The problem
Return the material exactly, first line through the line containing "Tortuga Outdoor Portside", and nothing more. Pictures stay out.

Provided records

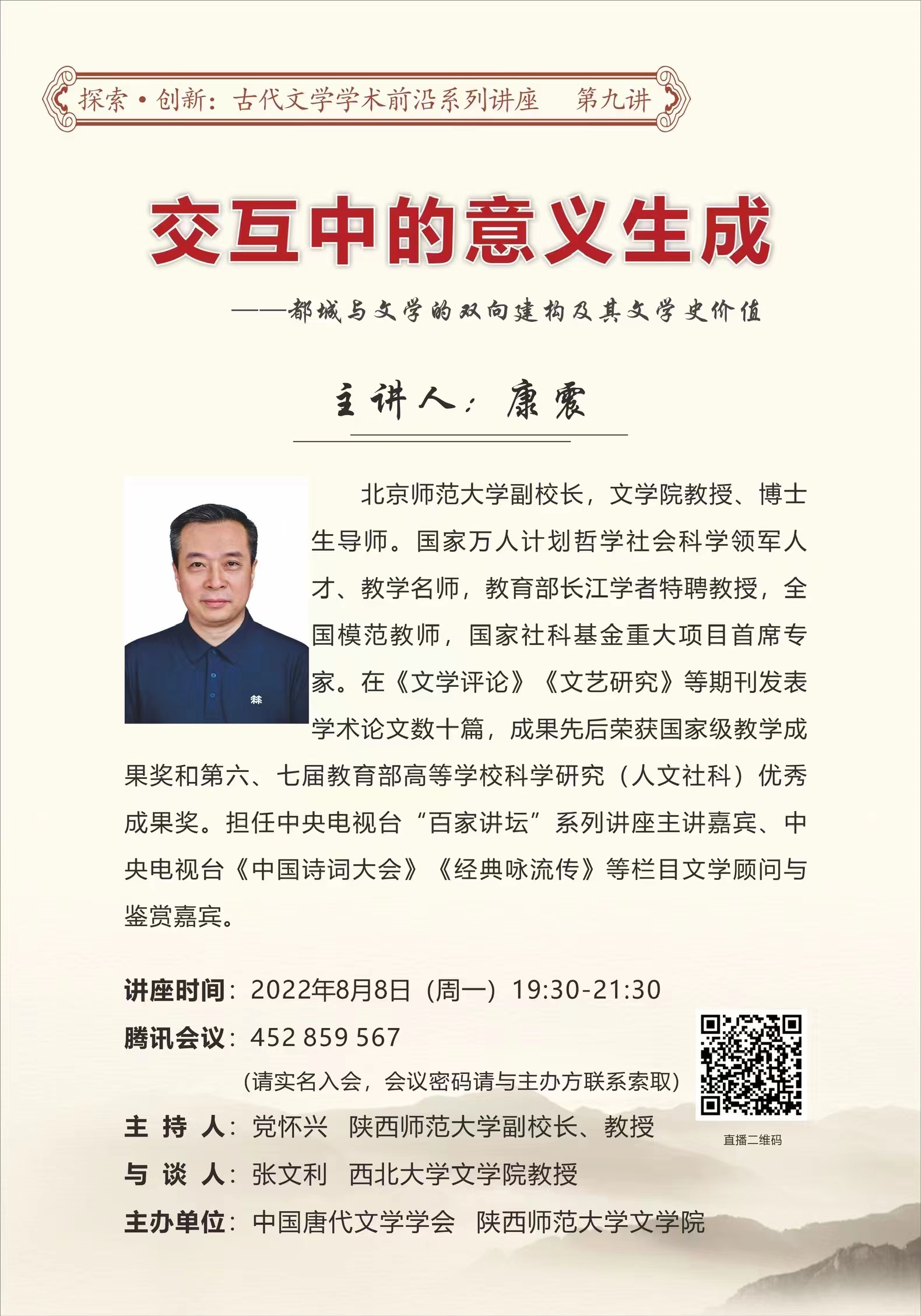 探索 创新:古代文学学术前沿系列讲座(第九讲) 交互中的意义生成——都城与文学的双向建构及其文学史价值
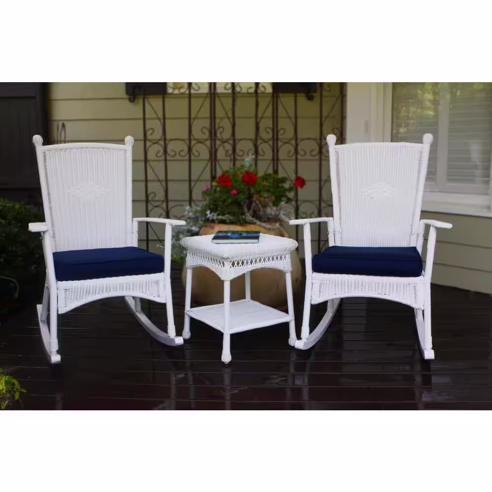Tortuga Outdoor Portside Classic 3-Piece White Wicker Outdoor Rocking Chair Set with Patio Side Table and Plush Navy Cushions
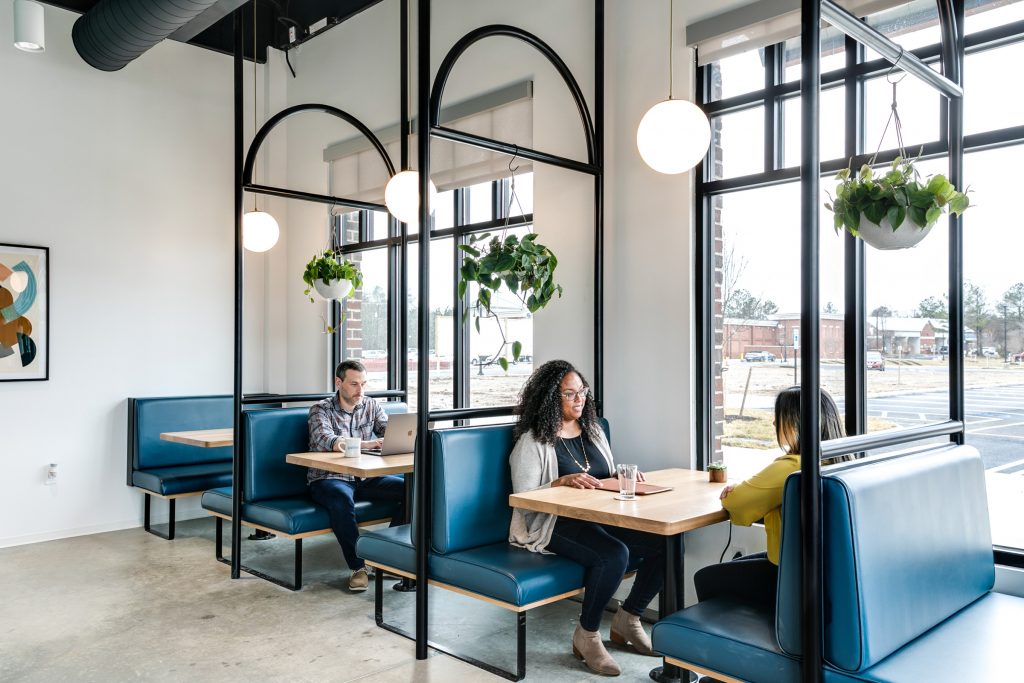 Extending its footprint beyond Richmond-proper to capture the city’s suburban remote workforce, Gather’s 26,000-SF Midlothian location serves as a collaborative hub that highlights local history while celebrating the coworking community’s mission to position local entrepreneurs for success.
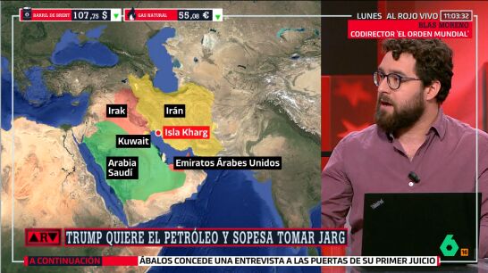 Blas Moreno, codirector de 'El Orden Mundial', ha expresado en Al Rojo Vivo que "cada vez" tiene "menos dudas" de que estamos en las horas previas a una invasión a la isla de Jarg por parte de EEUU.
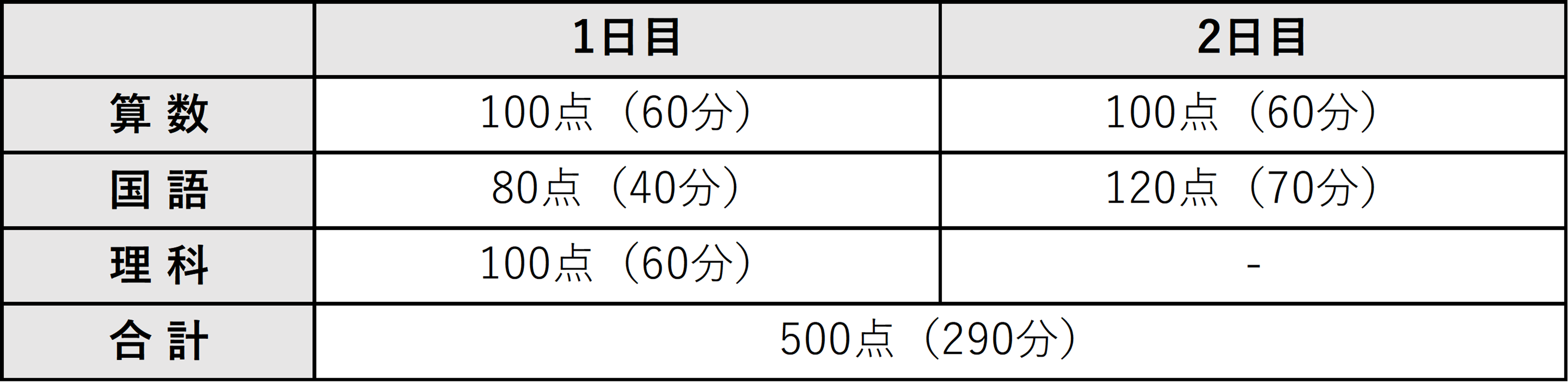 1日目…語句問題を中心とした文章題1題・語句などに関する大問5題。2日目…文章題2題・詩1題。
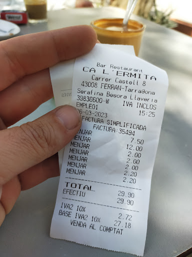 Read moreAyer un grupo de 14 personas comimos en Ca L'ermita. A este pequeño restaurante no le falta de nada. Tomamos el menú de fin de semana, La mayoría pedimos calçots de primer planto que nos los sirvieron con abundancia, igual pasó con la sabrosa salsa que los acompañaba. De segundos nos encontramos con unos excelentes guisos caseros y una gran variedad de carnes a la brasa. Nuestras peticiones fueron muy variadas y todos quedamos muy satisfechos. Los postres, también caseros, estaban buenísimos. Fuimos atendidos con muchísima amabilidad, rapidez y eficacia. Muchas gracias a Karen y a las otras personas que nos atendieron. Para finalizar diré que es un restaurante sin lujos, pero con todas las comodidades y la calidad necesaria para disfrutar de una buena comida. La relación...
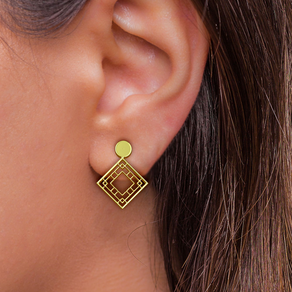 گوشواره طلا 18 عیار زنانه مدوپد مدل لوزی کد GA1-10476
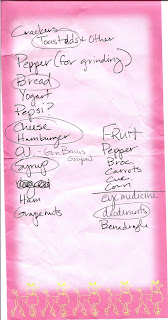 Here is a typical grocery list for me I thought it would be fun to actually scan it so you can see my mess. Because we have been away it was mostly produce needing replacing (we eat more then a small army in the produce department!) Grapes, peaches, apples, cherries, and blueberries were in there for fruit and then peppers, cucumbers, carrots, broccoli and lettuce for vegis. The circles are all the items I have to go get a different store. Blahhh. I could do all my shopping at one but it is quite a bit more expensive if I do. Any way here it is.
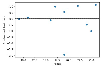 import matplotlib.pyplot as plt #define predictor variable values and studentized residuals x = df['points'] y = stud_res['student_resid'] #create scatterplot of predictor variable vs. studentized residuals plt.scatter(x, y) plt.axhline(y=0, color='black', linestyle='--') plt.xlabel('Points') plt.ylabel('Studentized Residuals')
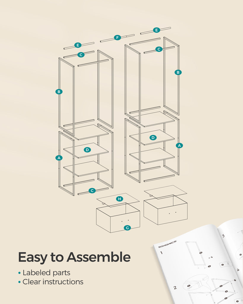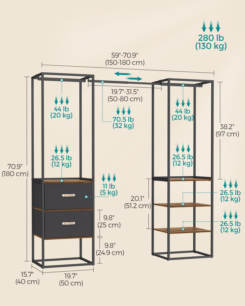 Max. Static Load Capacity of Each Hanging Rod: 44 lb (20 kg)
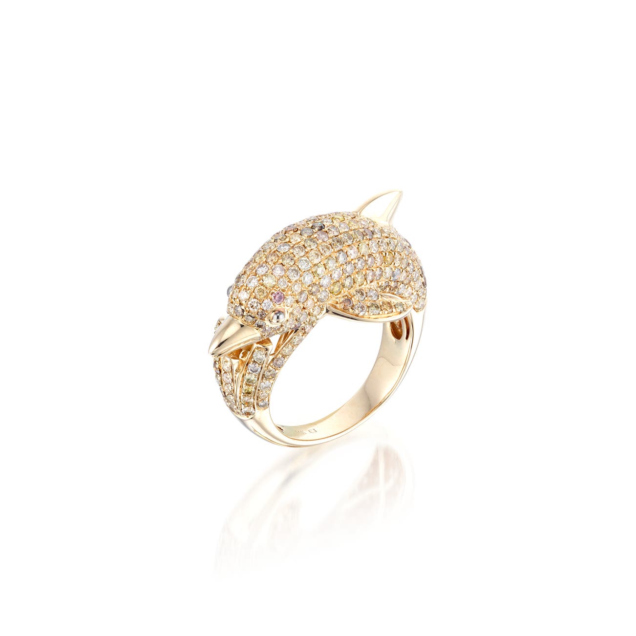 Designed as a dolphin, set with brilliant-cut diamonds of various tints,
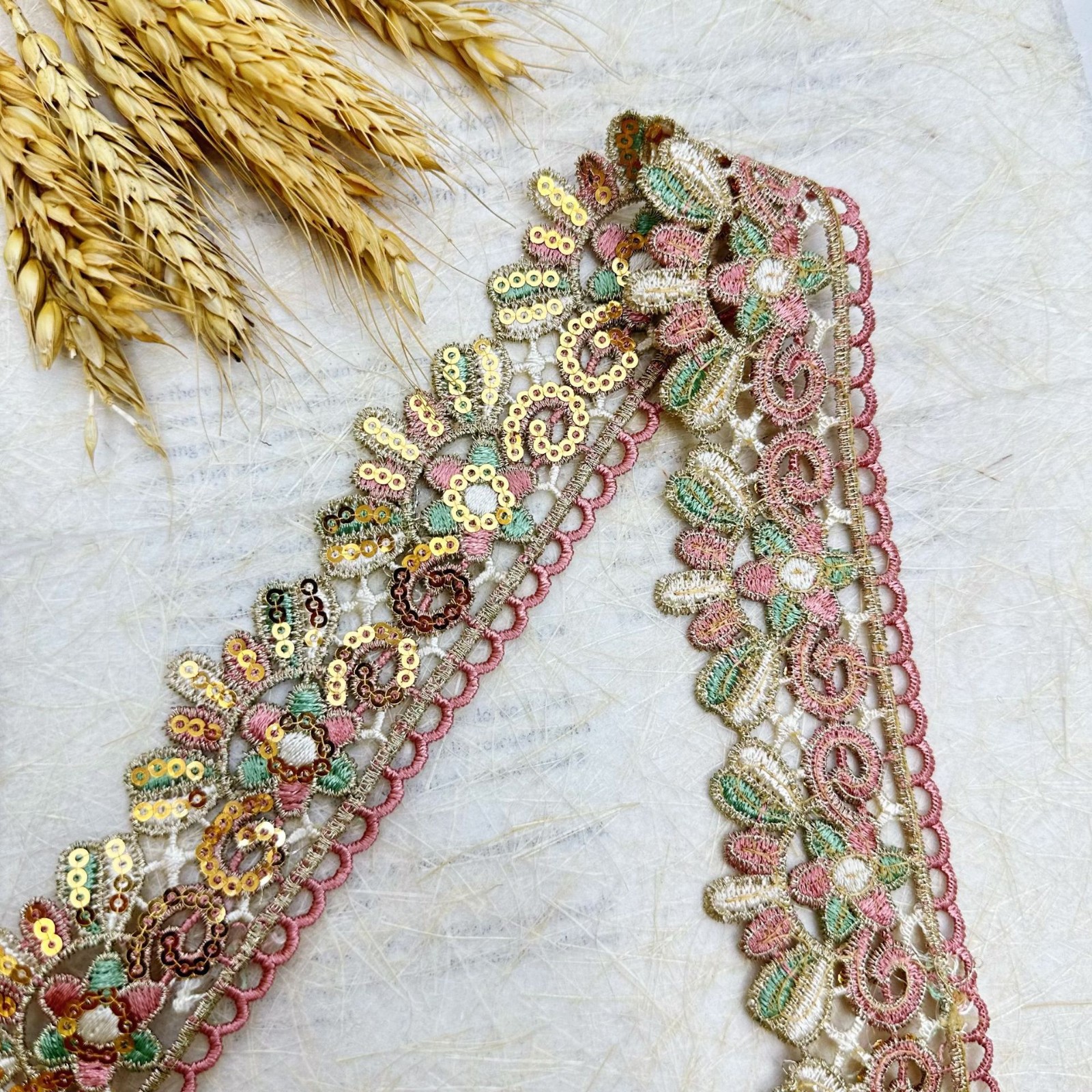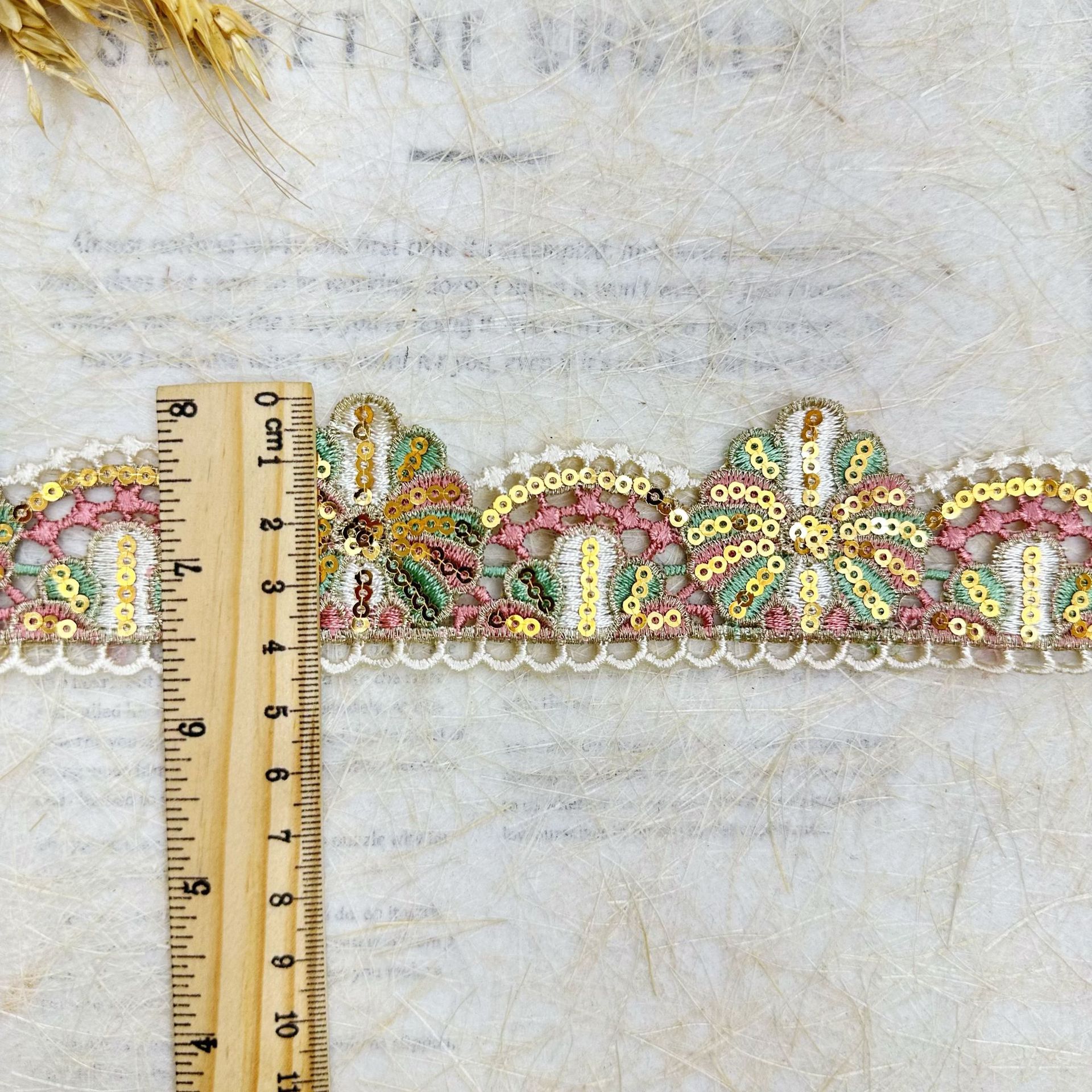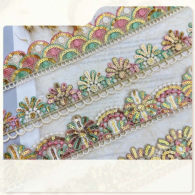 Multi Color Embroidery Lace, Gold Thread Sequins, Four-color Lace Beads, Ethnic Style Lace Accessories, Clothing Accessories

Response to this exercise
 探索 创新:古代文学学术前沿系列讲座(第九讲) 交互中的意义生成——都城与文学的双向建构及其文学史价值
Tortuga Outdoor Portside Classic 3-Piece White Wicker Outdoor Rocking Chair Set with Patio Side Table and Plush Navy Cushions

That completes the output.